HOW TO COMPLETE THIS TASK :: Reproduce only the lines of the material below that start at the line containing "Stora fält av" and stop at the line containing "например кв.м однокомнатной". Keep both end lines.

MATERIALS PROVIDED ::
>>>>
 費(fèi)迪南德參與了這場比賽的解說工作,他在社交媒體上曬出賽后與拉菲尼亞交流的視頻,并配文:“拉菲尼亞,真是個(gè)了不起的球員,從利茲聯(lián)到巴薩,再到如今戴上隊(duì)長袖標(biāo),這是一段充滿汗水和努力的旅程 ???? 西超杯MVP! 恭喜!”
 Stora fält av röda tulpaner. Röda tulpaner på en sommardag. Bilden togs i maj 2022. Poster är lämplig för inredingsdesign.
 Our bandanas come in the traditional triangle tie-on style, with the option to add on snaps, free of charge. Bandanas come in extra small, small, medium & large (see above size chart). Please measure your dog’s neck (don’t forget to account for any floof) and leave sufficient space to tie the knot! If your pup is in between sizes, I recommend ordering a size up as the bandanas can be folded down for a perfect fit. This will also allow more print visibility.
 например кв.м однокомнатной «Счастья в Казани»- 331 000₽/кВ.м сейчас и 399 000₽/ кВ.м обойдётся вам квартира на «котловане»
<<<<
>>>>
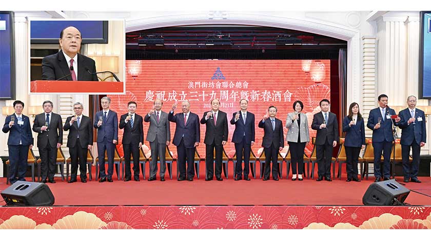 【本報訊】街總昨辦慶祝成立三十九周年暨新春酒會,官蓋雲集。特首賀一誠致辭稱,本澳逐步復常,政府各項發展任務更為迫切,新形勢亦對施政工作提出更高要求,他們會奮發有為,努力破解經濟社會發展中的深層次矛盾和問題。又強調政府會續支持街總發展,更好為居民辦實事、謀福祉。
<<<<
TASK RESPONSE ::
 Stora fält av röda tulpaner. Röda tulpaner på en sommardag. Bilden togs i maj 2022. Poster är lämplig för inredingsdesign.
 Our bandanas come in the traditional triangle tie-on style, with the option to add on snaps, free of charge. Bandanas come in extra small, small, medium & large (see above size chart). Please measure your dog’s neck (don’t forget to account for any floof) and leave sufficient space to tie the knot! If your pup is in between sizes, I recommend ordering a size up as the bandanas can be folded down for a perfect fit. This will also allow more print visibility.
 например кв.м однокомнатной «Счастья в Казани»- 331 000₽/кВ.м сейчас и 399 000₽/ кВ.м обойдётся вам квартира на «котловане»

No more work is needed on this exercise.